HL2C Seminar: Luiz Amaral (Amherst), Evaluating heritage speakers’ proficiency

We are delighted to kick off our HL2C Seminar Series for 2021-2022 on Thursday, September 30 from 3pm to 4pm GMT (Dublin, Edinburgh, Lisbon, London).

Presenters:

Luiz Amaral (UMass Amherst), Alexandre Alves dos Santos (UMass Amherst), Flávia Cunha (Mt. Holyoke College), Thaís de Sá (UFMG), and Ricardo de Souza (UFMG)

Title:

Evaluating Heritage Speakers’ Proficiency: Oral Proficiency Rubrics and a Vocabulary Test for Portuguese as a Heritage Language

How to join:

Our seminars are free to attend. Simply sign up to the HL2C Mailing List to receive the link to join us via Microsoft Teams link. You do not need a Teams account to access the talk.

Abstract:

Despite the increasing interest in heritage language (HL) acquisition and education, the area of HL assessment remains one of the least explored in the field. Several controversial issues seem to impact projects whose goals are to assess the language proficiency of HL speakers (HS). Some arise primarily from the reuse and/or adaptation of assessment tools originally created for L1 or L2 speakers (Kagan and Dillan, 2008; Draper and Hicks, 2000; Valdes, 1989). Others come from the perceived gap in the development of HL modalities, i.e., written proficiency might in some instances lag oral proficiency (Gatti and Grave, 2020). Some studies have explored and, in some cases, challenged these paradigms (Kagan and Friedman, 2003; Martin et.al., 2013), but there is still much to be done to understand the linguistic development of HS and to create the assessment tools needed by language programs.

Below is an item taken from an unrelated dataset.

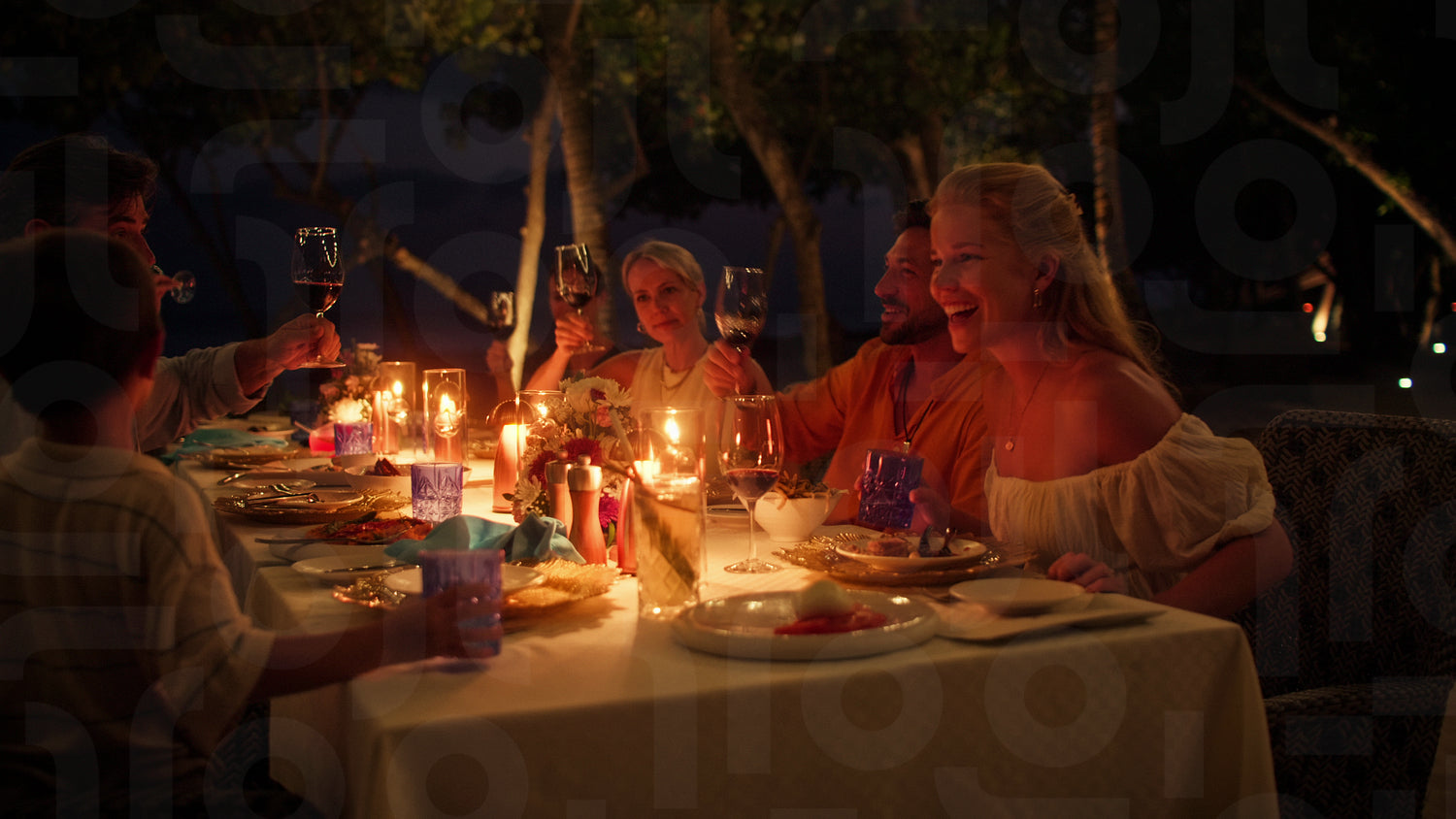 A joyful family and friends group enjoys a delightful candlelit dinner outdoors at an exotic island resort, sharing laughter and creating beautiful memories during their luxury vacation.

With these needs in mind, our research group started a series of projects to study HL assessment looking into different language modalities and properties. In this presentation we describe two of our latest projects on (i) the creation of oral proficiency rubrics, and (ii) the development a computer-based vocabulary language test. The goal of the first effort is to compare two rubrics to evaluate oral production by HS. The first rubric is exclusively functional and evaluates how well participants performed each of the communicative tasks proposed. The second rubric in more comprehensive, including descriptors for vocabulary, grammatical accuracy, pronunciation, and communicative competence. We used the two rubrics to assess the production of 20 HS that participated in an oral interview based on different everyday topics. We show the results obtained by using these two different sets of criteria and discuss the implications for each one. The second project is centered on the development of a computer-based VLT for Portuguese as L2 and HL – Teste de Verificação Lexical do Português Brasileiro (TVLPB). This project is a collaboration with colleagues from the Federal University of Minas Gerais in Brazil. After explaining how the test was created, we compare the vocabulary test scores with the scores from the oral interview from the same group of participants cited above. This is a first attempt to validate the TVLPB and see how vocabulary measures compare to other types of language assessment tools in heritage populations.

HLAW Conference 2022

We are pleased to announce the International Conference on Heritage Languages Around the World (HLAW), which will take place at the University of Lisbon in May 2022. The conference is co-organized by Consortium members Ana Lúcia Santos (Lisbon), Cristina Flores (Minho), Luiz Amaral (UMass Amherst) and Hugo Cardoso (Lisbon) and by their respective institutions, Centro de Linguística da Universidade de Lisboa, Centro de Estudos Humanísticos da Universidade do Minho, the Portuguese Program and the Heritage Language Research Group at UMass Amherst.